从源码中可以看出,next是一个无限循环(for( ; ; ){})的方法,如果消息队列中没有消息,那么next会一直阻塞。当获取到消息时,next会返回这条消息并将其从单链表中移除。

3、Looper的工作原理

Looper在消息机制中用于循环的获取消息并处理,他会通过MessageQueue的next方法来获取新的消息并处理,如果没有获取到新的消息则会阻塞在那里。 关键方法:loop loop:循环获取Message并处理

  public static void loop() {
        final Looper me = myLooper();
        if (me == null) {
            throw new RuntimeException("No Looper; Looper.prepare() wasn't called on this thread.");
        }
        final MessageQueue queue = me.mQueue;

        // Make sure the identity of this thread is that of the local process,
        // and keep track of what that identity token actually is.
        Binder.clearCallingIdentity();
        final long ident = Binder.clearCallingIdentity();

        for (;;) {
            Message msg = queue.next(); // might block
            if (msg == null) {
                // No message indicates that the message queue is quitting.
                return;
            }

            // This must be in a local variable, in case a UI event sets the logger
            Printer logging = me.mLogging;
            if (logging != null) {
                logging.println(">>>>> Dispatching to " + msg.target + " " +
                        msg.callback + ": " + msg.what);
            }

            msg.target.dispatchMessage(msg);

            if (logging != null) {
                logging.println("<<<<< Finished to " + msg.target + " " + msg.callback);
            }

            // Make sure that during the course of dispatching the
            // identity of the thread wasn't corrupted.
            final long newIdent = Binder.clearCallingIdentity();
            if (ident != newIdent) {
                Log.wtf(TAG, "Thread identity changed from 0x"
                        + Long.toHexString(ident) + " to 0x"
                        + Long.toHexString(newIdent) + " while dispatching to "
                        + msg.target.getClass().getName() + " "
                        + msg.callback + " what=" + msg.what);
            }

            msg.recycleUnchecked();
        }
    }

从源码中可以看出,loop方法调用MessageQueue的next方法获取新的消息,如果没有消息next会阻塞,如果返回了新的消息就会通过 msg.target.dispatchMessage(msg);处理这条消息。 msg.target就是Handler对象。也就会调用Handler的dispatchMessage方法。

4、Handler的工作原理

Handler主要包含消息的发送和接收的过程。消息的发送可以通过post的一系列方法以及send的一系列方法来实现。 调用post最终都会通过send的方法来实现(基本概念中已经提到)。 send最终会调用sendMessageAtTime()方法。

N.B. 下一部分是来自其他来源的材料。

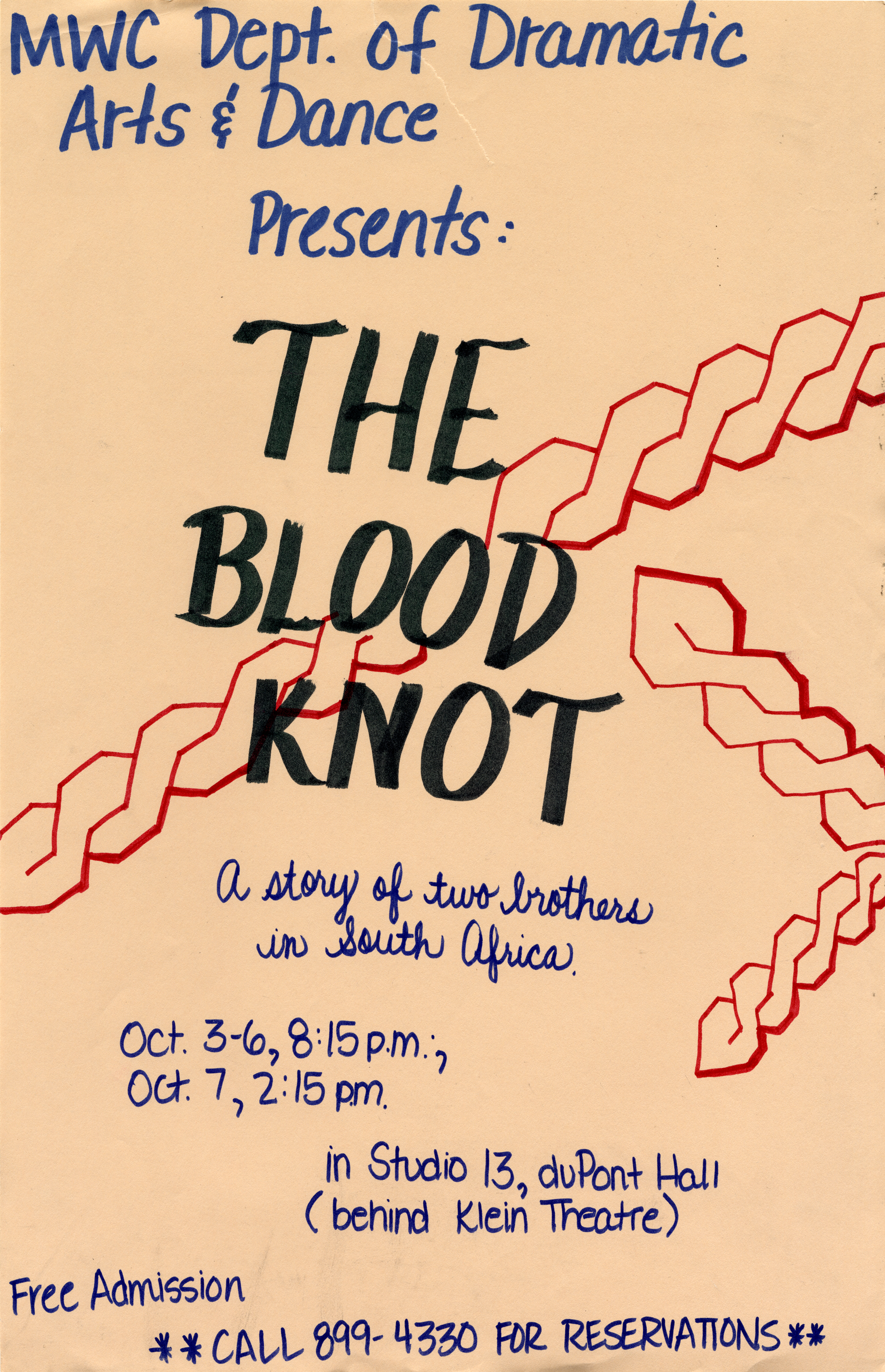 [Edit: I just noticed that the poster for “The Blood Knot” lists its venue as “Studio 13” — this was the slightly less than opulent stage better known as “The Black Box!” I had a hand-scrawled poster for it — I gave it to Russell Morgan when he graduated.]
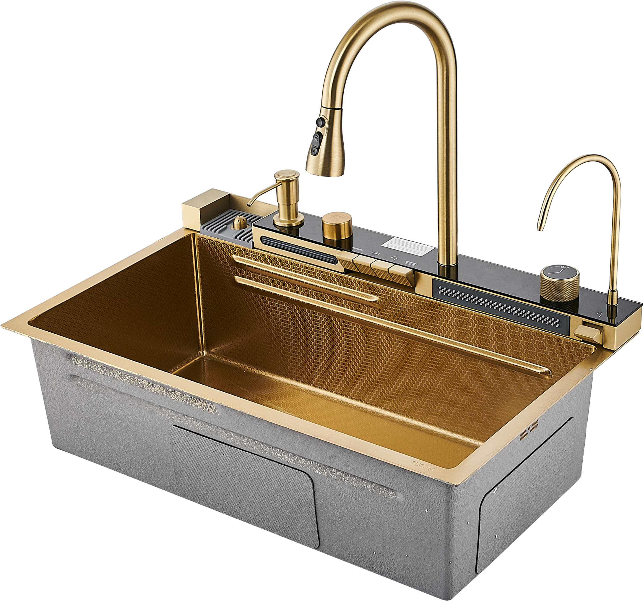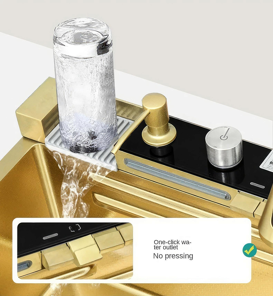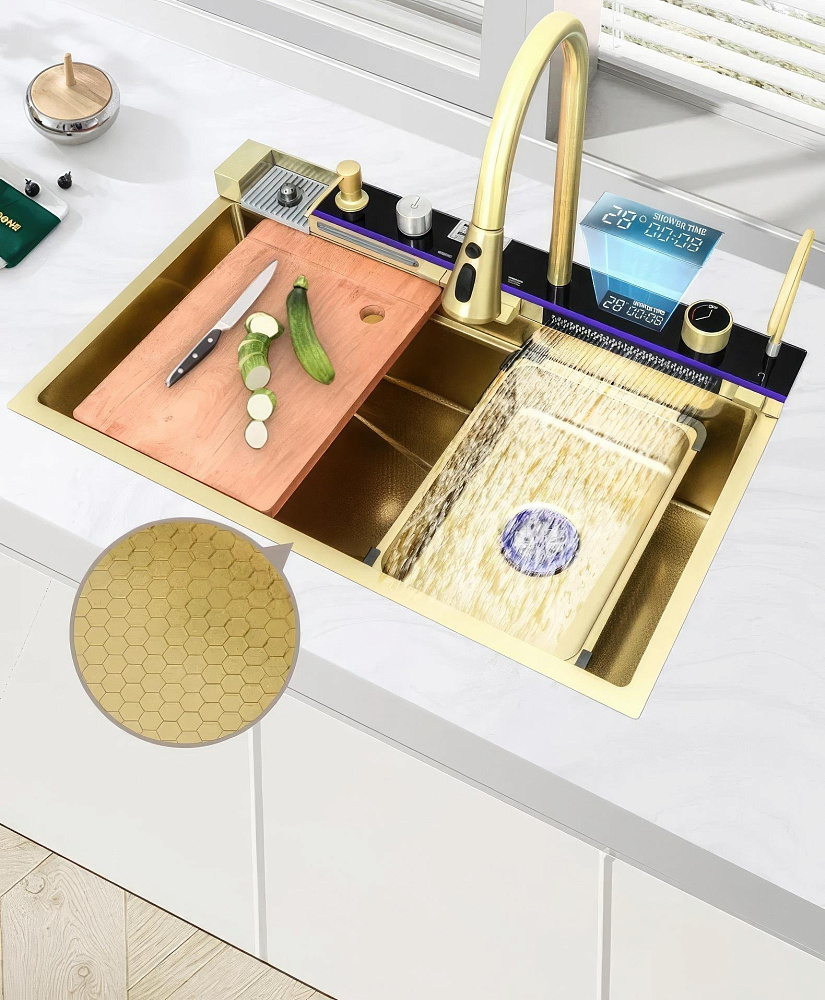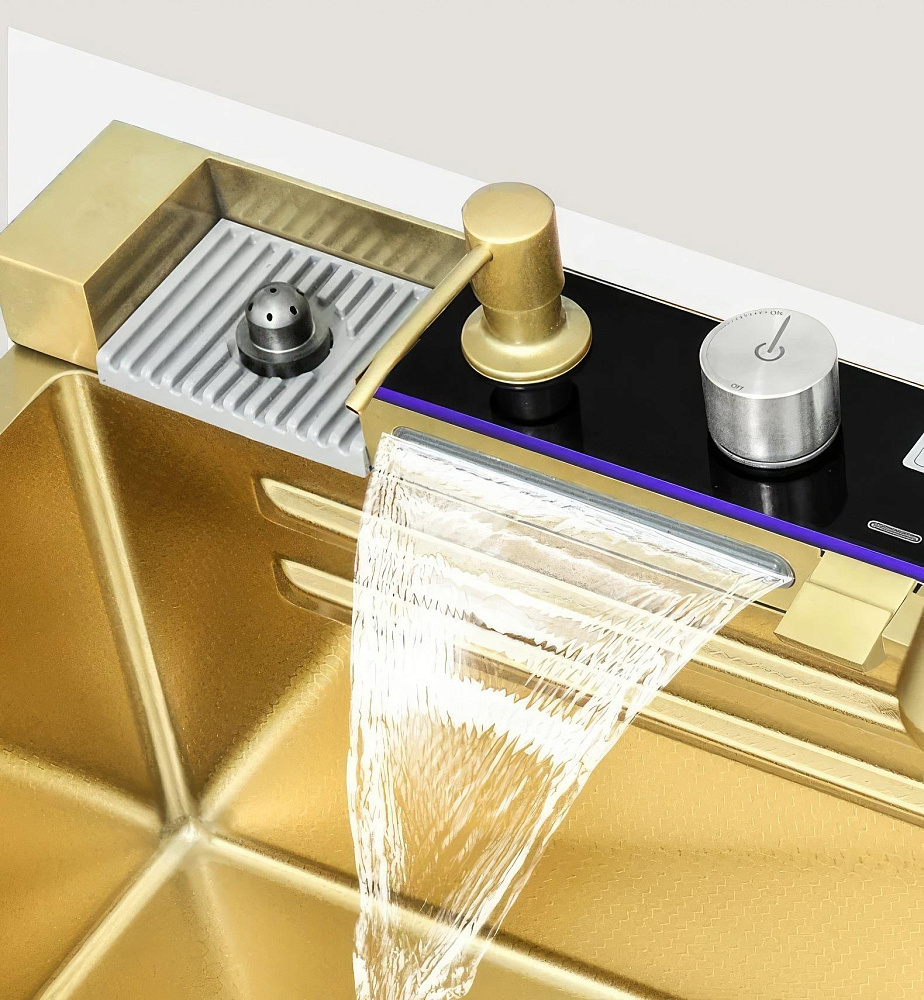 Комплект Savol S-SC001C с водопадом, матовое золото — это идеальное решение для вашей кухни. Он включает в себя мойку с панелью, на которой расположены смеситель, кран для питьевой воды (для подключения к фильтру) и функция ополаскивания стакана. Одним из главных преимуществ этого комплекта является наличие шумоизолирующего слоя и специальных накладок на обратной стороне мойки. Это позволяет снизить уровень шума во время использования и обеспечить долговечность и надёжность конструкции. Боковой отвод воды обеспечивает эффективное удаление загрязнений и предотвращает образование луж на поверхности мойки. Высококачественное покрытие в форме сот придаёт мойке большую износостойкость и помогает ей прекрасно сопротивляться воздействию агрессивных веществ. Это гарантирует долговечность и сохранение привлекательного внешнего вида на протяжении многих лет. Олеофобное покрытие на поверхности мойки облегчает процесс очистки от загрязнений и создаёт дополнительную антикоррозионную защиту. Благодаря этому покрытию, мойка сохраняет свой первоначальный вид и не подвержена воздействию влаги и химических веществ. Два режима душа позволяют выбрать оптимальный вариант для ополаскивания посуды или фруктов и овощей. Это делает использование мойки ещё более удобным и комфортным. Комплект Savol S-SC001C — это не просто мойка, это функциональное и эстетичное решение для вашей кухни. Он сочетает в себе высокое качество, удобство использования и привлекательный внешний вид, делая вашу кухню ещё более комфортной и стильной.
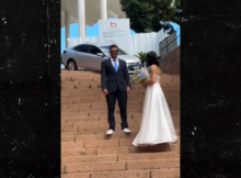 A newly married couple in Blumenau, Brazil had their wedding photoshoot interrupted in dramatic fashion when a car unexpectedly descended the cathedral steps behind them. Jaque Amorim and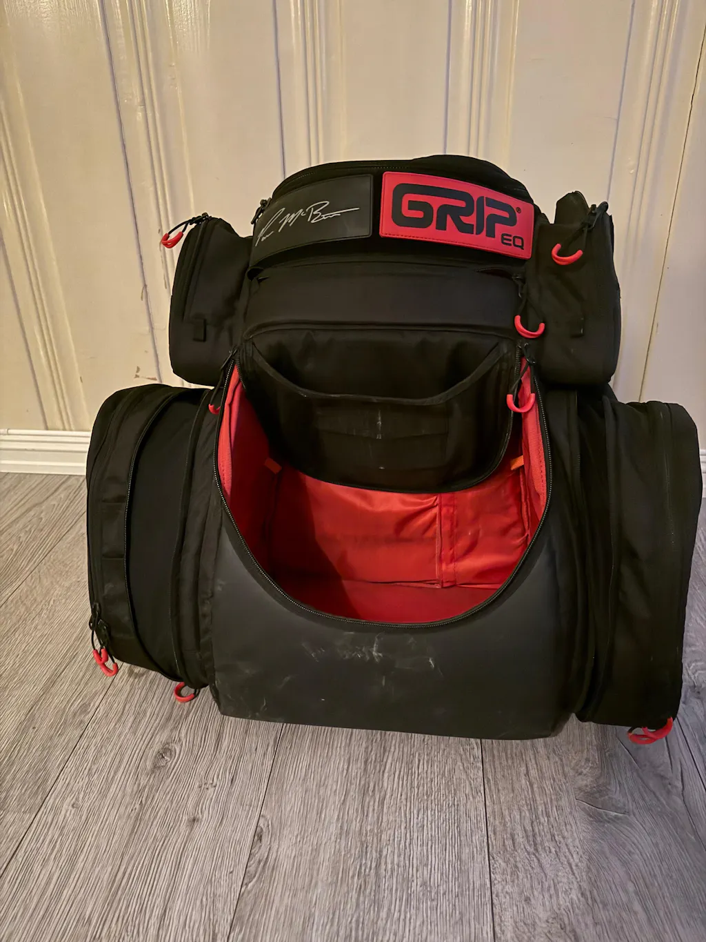 Each bag purchase includes a limited-edition disc, a Paul McBeth flex mini marker, 4 custom velcro patches, an aluminum bag tag, and colored zipper pulls. Discs: Black/red Kratos, Purple/black Big Z Luna or Glo Confetti Malita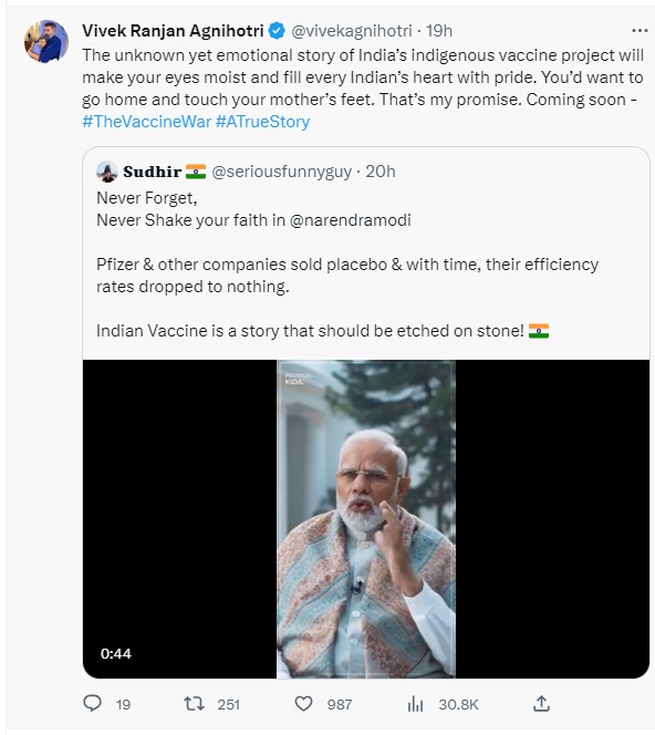 विवेक अग्निहोत्री को एक यूजर ने कहा कि इंडियन वैक्सीन की कहानी पत्थरों पर लिखी जानी चाहिए। इस ट्वीट पर निर्देशक ने दावे भरा जवाब लिखा। उन्होंने ट्वीट किया, 'अनकही लेकिन भावुक कर देने वाली इंडिया की वैक्सीन प्रोजेक्ट की कहानी आपकी आंखें नम कर देगी, और हर भारतीय को इससे गर्व होगा। आप घर जाकर अपनी मां के पैर छूना चाहेंगे। यह मेरा वादा है।'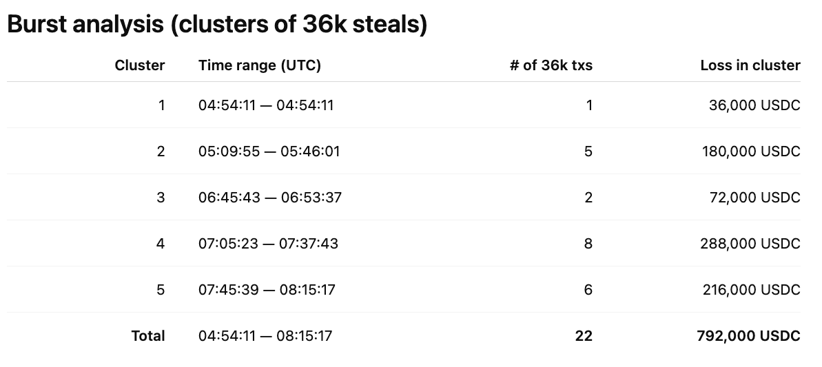 Total quantified loss (36k events): 22 × 36,000 = 792,000 USDC.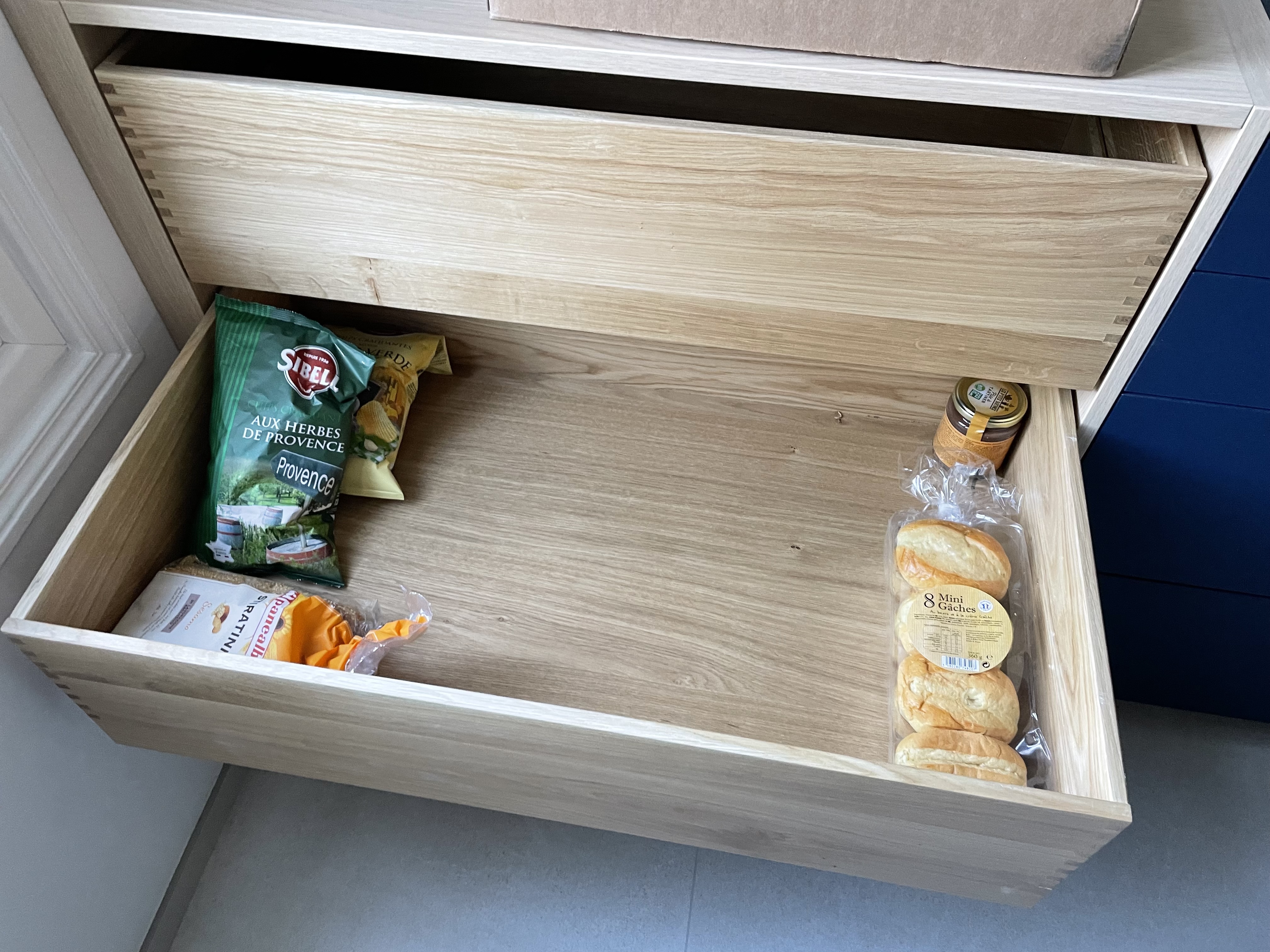 bouhi93 | 6 assiettes normales, ça rentre dans un tiroir de 26 cm. A la limite, si tu veux que de l'extérieur ça fasse plus épuré, tu prends un tiroir de 26 cm avec un tiroir à l'anglaise dedans... |

    public boolean sendMessageAtTime(Message msg, long uptimeMillis) {
        MessageQueue queue = mQueue;
        if (queue == null) {
            RuntimeException e = new RuntimeException(
                    this + " sendMessageAtTime() called with no mQueue");
            Log.w("Looper", e.getMessage(), e);
            return false;
        }
        return enqueueMessage(queue, msg, uptimeMillis);
    }

    private boolean enqueueMessage(MessageQueue queue, Message msg, long uptimeMillis) {
        msg.target = this;
        if (mAsynchronous) {
            msg.setAsynchronous(true);
        }
        return queue.enqueueMessage(msg, uptimeMillis);
    }

从源码中可知queue.enqueueMessage(msg, uptimeMillis)我们可以知道Handler发送消息的过程是向消息队列插入了一条Message。Looper通过MessageQueue的next()获取到这条消息并处理。最后Looper把消息交给Handler处理(Looper的工作原理中提到的msg.target)。Handler的dispatchMessage方法就会被调用。

    /**
     * Handle system messages here.
     */
    public void dispatchMessage(Message msg) {
        if (msg.callback != null) {
            handleCallback(msg);
        } else {
            if (mCallback != null) {
                if (mCallback.handleMessage(msg)) {
                    return;
                }
            }
            handleMessage(msg);
        }
    }

    private static void handleCallback(Message message) {
        message.callback.run();
    }

    public void handleMessage(Message msg) {
    }

从源码中我们可以看出。 如果是post一个Runnable,则会通过handleCallback方法处理,处理方法为:message.callback.run(); 如果是send一个Message,则会通过handleMessage方法处理,这里应该比较熟悉,重写handleMessage方法处理Message在开发中会经常用到。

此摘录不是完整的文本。